**Work instruction**
The answer is the line that contains "Khi bước chân" followed by every later line of the entries below, each repeated exactly, and nothing else.

(Stored records)
◇ ◇ ◇ ◇

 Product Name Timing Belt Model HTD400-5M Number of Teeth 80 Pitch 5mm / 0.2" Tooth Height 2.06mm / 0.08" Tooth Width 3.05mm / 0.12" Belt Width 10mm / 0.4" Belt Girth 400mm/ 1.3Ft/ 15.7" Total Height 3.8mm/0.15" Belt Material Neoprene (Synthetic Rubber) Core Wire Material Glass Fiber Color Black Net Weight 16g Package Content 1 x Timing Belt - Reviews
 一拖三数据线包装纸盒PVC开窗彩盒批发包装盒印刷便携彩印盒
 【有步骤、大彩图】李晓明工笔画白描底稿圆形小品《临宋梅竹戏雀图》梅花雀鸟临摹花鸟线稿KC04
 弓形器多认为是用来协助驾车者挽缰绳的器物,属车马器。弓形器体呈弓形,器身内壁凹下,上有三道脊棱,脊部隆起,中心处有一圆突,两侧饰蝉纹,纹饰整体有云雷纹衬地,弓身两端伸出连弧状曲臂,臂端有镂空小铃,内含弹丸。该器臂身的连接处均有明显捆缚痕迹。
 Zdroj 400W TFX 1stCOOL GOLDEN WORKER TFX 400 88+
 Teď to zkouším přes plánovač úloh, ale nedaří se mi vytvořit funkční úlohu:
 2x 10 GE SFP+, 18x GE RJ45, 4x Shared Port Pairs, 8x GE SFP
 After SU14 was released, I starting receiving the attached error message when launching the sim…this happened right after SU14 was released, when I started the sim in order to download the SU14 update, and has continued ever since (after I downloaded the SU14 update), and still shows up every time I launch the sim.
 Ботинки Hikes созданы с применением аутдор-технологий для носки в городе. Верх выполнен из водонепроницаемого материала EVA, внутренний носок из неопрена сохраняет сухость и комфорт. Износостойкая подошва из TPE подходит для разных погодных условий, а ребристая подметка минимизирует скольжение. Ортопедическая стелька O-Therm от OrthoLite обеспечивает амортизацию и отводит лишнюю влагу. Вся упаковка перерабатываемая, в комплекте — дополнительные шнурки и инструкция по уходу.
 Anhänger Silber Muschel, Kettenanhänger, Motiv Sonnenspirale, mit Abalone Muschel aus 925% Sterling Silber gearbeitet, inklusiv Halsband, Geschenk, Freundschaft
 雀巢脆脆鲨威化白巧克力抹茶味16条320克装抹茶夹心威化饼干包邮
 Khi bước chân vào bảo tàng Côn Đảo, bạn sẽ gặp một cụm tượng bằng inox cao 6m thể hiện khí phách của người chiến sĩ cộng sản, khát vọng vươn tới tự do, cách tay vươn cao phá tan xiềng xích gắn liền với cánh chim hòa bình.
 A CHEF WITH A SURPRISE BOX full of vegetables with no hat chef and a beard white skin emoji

◇ ◇ ◇ ◇

**Task solution**
 Khi bước chân vào bảo tàng Côn Đảo, bạn sẽ gặp một cụm tượng bằng inox cao 6m thể hiện khí phách của người chiến sĩ cộng sản, khát vọng vươn tới tự do, cách tay vươn cao phá tan xiềng xích gắn liền với cánh chim hòa bình.
 A CHEF WITH A SURPRISE BOX full of vegetables with no hat chef and a beard white skin emoji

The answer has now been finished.